In [1]:
import torch
from cot_probing.typing import *
import random
from transformers import AutoModelForCausalLM, AutoTokenizer, AwqConfig
from beartype import beartype

# model_name = "google/gemma-2-9b"
# model = AutoModelForCausalLM.from_pretrained(model_name, device_map="cuda")
model_name = "hugging-quants/Meta-Llama-3.1-70B-Instruct-AWQ-INT4"
quantization_config = AwqConfig(
    bits=4,
    fuse_max_seq_len=1024,  # Note: Update this as per your use-case
    do_fuse=True,
)
model = AutoModelForCausalLM.from_pretrained(
    model_name,
    torch_dtype=torch.float16,
    low_cpu_mem_usage=True,
    device_map="cuda",
    quantization_config=quantization_config,
)

tokenizer = AutoTokenizer.from_pretrained(model_name)

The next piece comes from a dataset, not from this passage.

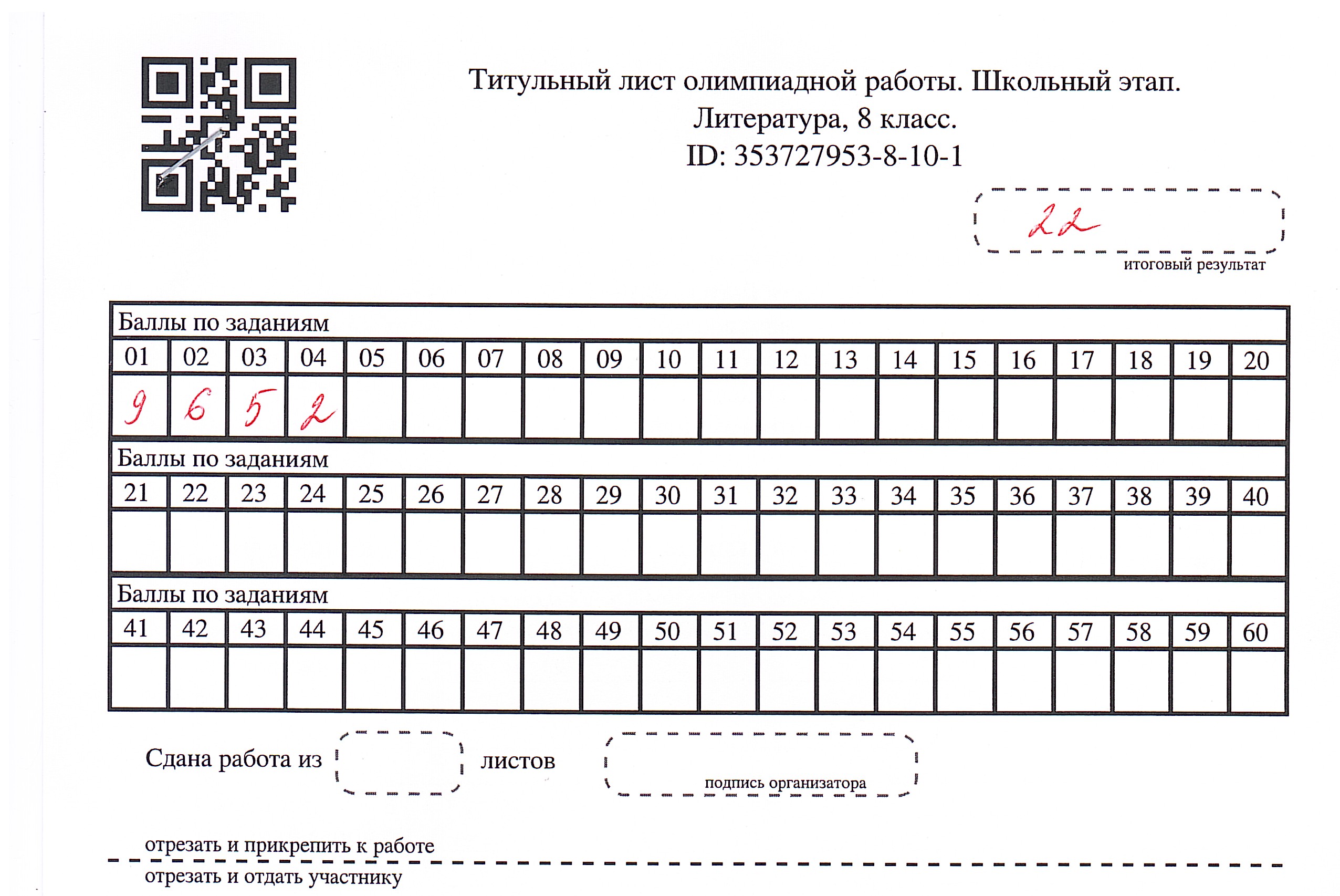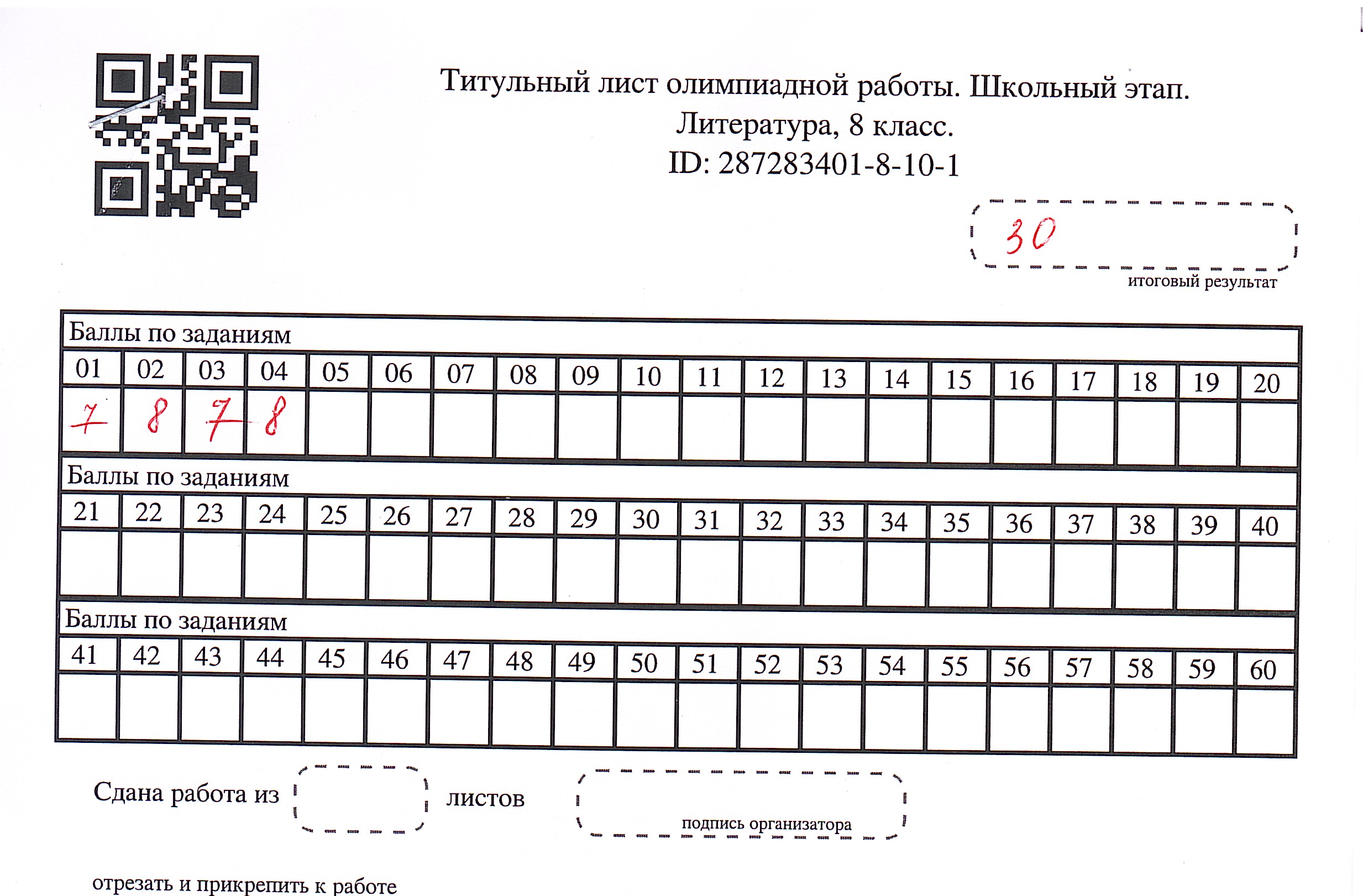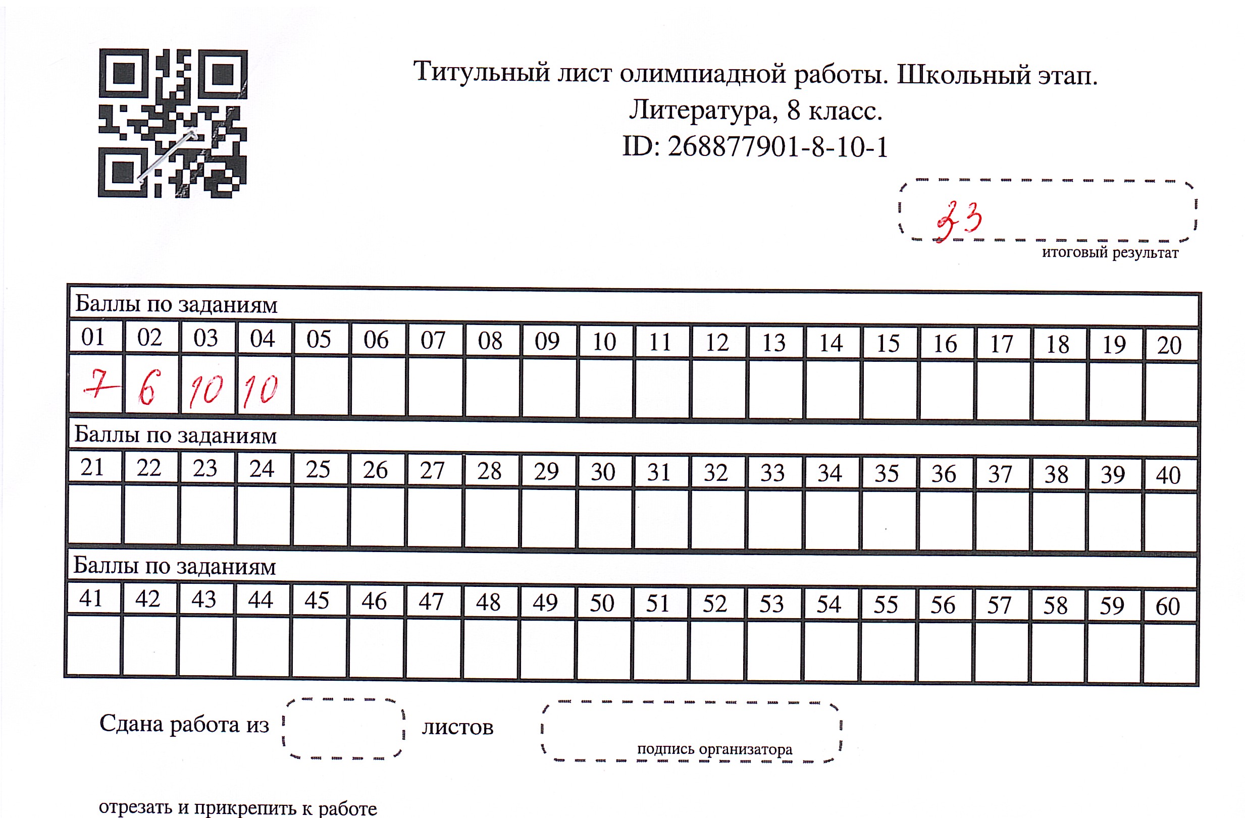 • Результаты олимпиады по Литературе

Loading checkpoint shards:   0%|          | 0/9 [00:00<?, ?it/s]

In [2]:
def load_and_split_file(file_path: str) -> list[str]:
    """
    Loads a text file and splits it by double line break.

    Args:
        file_path (str): The path to the text file.

    Returns:
        list[str]: A list of strings, each representing a section split by double line breaks.
    """
    with open(file_path, "r", encoding="utf-8") as file:
        content = file.read()

    return content.split("\n\n")

In [31]:
qs_unb = load_and_split_file("diverse_unbiased.txt")
qs_yes = load_and_split_file("diverse_yes.txt")
qs_no = load_and_split_file("diverse_no.txt")

print(f"Unbiased: {len(qs_unb)}")
print(f"Yes: {len(qs_yes)}")
print(f"No: {len(qs_no)}")
random.seed(7)
shuffled_indices = random.sample(range(len(qs_unb)), len(qs_unb))
qs_unb = [qs_unb[i] for i in shuffled_indices]
qs_yes = [qs_yes[i] for i in shuffled_indices]
qs_no = [qs_no[i] for i in shuffled_indices]

Unbiased: 10
Yes: 10
No: 10


In [32]:
unb_fsps = "\n\n".join(qs_unb[1:])
yes_fsps = "\n\n".join(qs_yes[1:])
no_fsps = "\n\n".join(qs_no[1:])

q_yes = qs_yes[0]
q_no = qs_no[0]

In [33]:
print(q_yes)
print(q_no)

Question: Is the capital of Brazil located inland?
Reasoning:
- The capital of Brazil is Brasília
- Brasília is located in the central plateau of Brazil
- This location is not on the coast
Answer: Yes
Question: Is the capital of Brazil located on the coast?
Reasoning:
- The capital of Brazil is Brasília
- Brasília is located in the central plateau of Brazil
- This location is not on the coast
Answer: No


In [34]:
# Create all combinations of FSPs and questions
combinations = [
    (unb_fsps, q_yes, "unb_yes"),
    (no_fsps, q_yes, "no_yes"),
    (unb_fsps, q_no, "unb_no"),
    # (yes_fsps, q_yes, "yes_yes"),
    (yes_fsps, q_no, "yes_no"),
    # (no_fsps, q_no, "no_no"),
]

# Create a dictionary to store the combined prompts
combined_prompts = {}

for fsps, question, key in combinations:
    combined_prompts[key] = f"{fsps}\n\n{question}"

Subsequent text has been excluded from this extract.